5 Keys To Healthy Cooking: Preparing Savory Meals That Are Good For You

You love to cook. Even better, you're good at it. So much so that your work in the kitchen has attracted accolades from friends and family. The problem is, the meals you prepare aren't as healthy as you'd like them to be. They may leave your guests begging for more, but too much of a good thing can take a toll on the body.

What if you could make small changes to your cooking style that transform the foods you prepare into healthy meals? And what if you could do so without sacrificing taste? We'll show you how below. Read on for five "secrets" to healthy cooking. The next time your friends and family ask for seconds, you'll be able to tell them they can eat without regret.

#1 - Find Replacements For Salthttp://www.dreamstime.com/stock-images-woman-cooking-healthy-food-image19806544

A pinch of salt can turn a mediocre dish into a good one, and a good dish into a great one. But people tend to use too much salt in the kitchen. For some, it has become a cooking crutch. Does the meal need more flavor? Add salt. Does it need a boost? Throw in another dash of salt. Is the dish missing something? It needs more salt!

There's a better way to liven up your cooking, and it's far healthier than reaching for the salt shaker. Try throwing in a bit of freshly-ground black pepper. Or, cut a lemon in half and squeeze the juice over your culinary concoction. How about a hint of fresh roasted garlic?

There are lots of alternatives to table salt. And some will actually make your cooking taste better.

#2 - Go For The Right Kinds Of Fats

Some fats are clearly better for you and your guests than others. A lot of home cooking uses the bad kind, the stuff that contributes to heart disease and various other health conditions. The good kind is healthy and will leave your food tasting great.

A lot of people think all saturated fats are bad for you. But the reality is much different. Some saturated fats provide valuable health benefits. An example is virgin coconut oil. It's over 90 percent saturated fat, which scares folks away. But it is easily absorbed by the intestine, and contains plenty of lauric acid.

Other fats to use in your cooking include organic butter, ghee, and duck fat. As a general rule, avoid hydrogenated vegetable oils, which contain too much trans fat.

#3 - Use Lean Cuts Of Meat

Meat oftentimes takes center stage in meals. It tastes great and can sate just about any appetite. Unfortunately, other ingredients, such as vegetables, grains, and potatoes, are forced to play second fiddle.

If you're using lean cuts in your cooking, this is not necessarily a bad thing. There's plenty of protein in meat. But as already noted, it is possible to enjoy too much of a good thing. And too much red meat can cause long-term health problems, not least of which is a shorter lifespan, according to a recent Harvard study.

Replace the beef and pork cuts with chicken and turkey. Poultry is a great low-fat alternative to red meat as long as you take the fatty skin off the cuts. You can also include fish in your cooking. Salmon, trout, and albacore tuna are rich sources of omega-3 fatty acids, which help to prevent heart attack and stroke. With the right pairing of ingredients, they can add a delicious new dimension to your meals.

Chicken Salad

#4 - Go Easy On The Creams And Sauces

A lot of dishes make liberal use of creamy sauces. Not only do they look and taste great, but they also stick to the ribs. They can keep a person's hunger at bay for hours on end. But there's a price to pay for those benefits, and the heart is usually the one that pays it. The heavy creams and sauces contain a lot of fat.
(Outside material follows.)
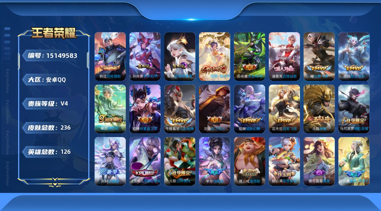 [15149583]可二次【店主推荐捡漏号!可直接换绑】安卓Q-V4-最强王者段位-126英雄-236皮肤-1典藏皮肤-11传说-62史诗-2星元 【英雄全皮】:猪八戒全皮 【荣耀典藏】:韩信弑枪猎影 【传说皮肤】:蔡文姬愿照福禄聚,桑启鸣野蒿,西施游龙清影,曜云鹰飞将,刘备时之恋人,貂蝉猫影幻舞,干将莫邪久胜战神,花木兰冠军飞将,诸葛亮武陵仙君,貂蝉仲夏夜之梦,孙尚香末日机甲 【限定皮肤】:姜子牙天穹之誓,狄仁杰阴阳师,赵云皇家上将,嬴政优雅恋人,孙尚香蔷薇恋人,鲁班七号狮舞东方,庄周高山流水,芈月白晶晶,元歌云间偶戏,夏侯惇朔风刀,马可波罗暗影游猎,狄仁杰魔术师,狄仁杰万华元夜,达摩星际陆战队,达摩沙漠行僧,项羽海滩派对,项羽霸王别姬,老夫子醍醐杖,程咬金演武夺筹,韩信飞衡,兰陵王金庭之子,亚瑟潮玩骑士王,后羿圣弓游侠,李元芳云中旅人,虞姬霸王别姬,钟馗神迹守卫,钟馗驱傩正仪,杨玉环遇见飞天,干将莫邪真爱魔法,雅典娜黎明之约,太乙真人华丽摇滚,鬼谷子原初探秘者,诸葛亮武陵仙君,苏烈千军破阵,弈星混沌棋,沈梦溪大漠名商,明世隐疑决卦,裴擒虎李小龙,裴擒虎擒涛扼浪,狂铁御狮,米莱狄御霄,米莱狄胡桃异想国,云中君纤云弄巧,盾山御銮,猪八戒西部大镖客,猪八戒猪悟能,上官婉儿梁祝,上官婉儿天狼绘梦者,嫦娥拒霜思,鲁班大师探海日志,桑启海盐诗旅,艾琳流音漫舞,张良古海寻踪,蒙犽百解令,高渐离燃音魔法,妲己灵卜魔法,鬼谷子天穹祈灯,姬小满妄想食味,沈梦溪龙舞盛年,刘邦剑破天穹 【年限皮肤】:韩信飞衡,马超神威 【赛季限定】:夏侯惇朔风刀,狄仁杰万华元夜,达摩沙漠行僧,老夫子醍醐杖,程咬金演武夺筹,兰陵王金庭之子,张良古海寻踪,李元芳云中旅人,钟馗驱傩正仪,雅典娜黎明之约,鬼谷子原初探秘者,苏烈千军破阵,弈星混沌棋,沈梦溪大漠名商,明世隐疑决卦,裴擒虎擒涛扼浪,狂铁御狮,米莱狄御霄,盾山御銮,鲁班大师探海日志,桑启海盐诗旅,鬼谷子天穹祈灯,刘邦剑破天穹,姜子牙天穹之誓 【战令限定】:鲁班七号狮舞东方,元歌云间偶戏,马可波罗暗影游猎,达摩星际陆战队,艾琳流音漫舞,亚瑟潮玩骑士王,后羿圣弓游侠,钟馗神迹守卫,干将莫邪真爱魔法,米莱狄胡桃异想国,猪八戒西部大镖客,高渐离燃音魔法,妲己灵卜魔法 【史诗皮肤】:露娜紫霞仙子,阿轲暗夜猫娘,赵云皇家上将,赵云未来纪元,貂蝉圣诞恋歌,甄姬冰雪圆舞曲,狄仁杰魔术

One option is to replace heavy cream with skim milk and low-fat mayo. You can also reduce the amount of cheese used in your sauces. While you're at it,  use olive oil rather than butter.

Another option is to avoid using creams altogether, or at least cut back substantially on the amount you put on your meals. Assuming your cooking chops are reasonably good, the taste of the foods you prepare should more than compensate for the cutback. An important side benefit: your heart will thank you.

#5 - Add Some Veggies

If you're like most people, you're not eating enough vegetables. And if you're like most kitchen cooks, you're not including enough of them in the dishes you prepare. The good news is that veggies can be a perfect complement to your meals. A side of mushrooms, carrots, and asparagus can bring out the flavors in your meals' main ingredients.

The next time you cook a big meal, throw in a few helpings of vegetables. Grill them and stick them on skewers, or steam them and place them next to the star of your dish. You'll enjoy the peace of mind that comes with knowing the food you're eating is not only tasty, but good for you.

It is possible to cook healthy dishes that make your friends and family swoon in delight. It's a matter of making simple changes to your cooking style. Use the ideas above to create meals that are both delicious and heart-healthy.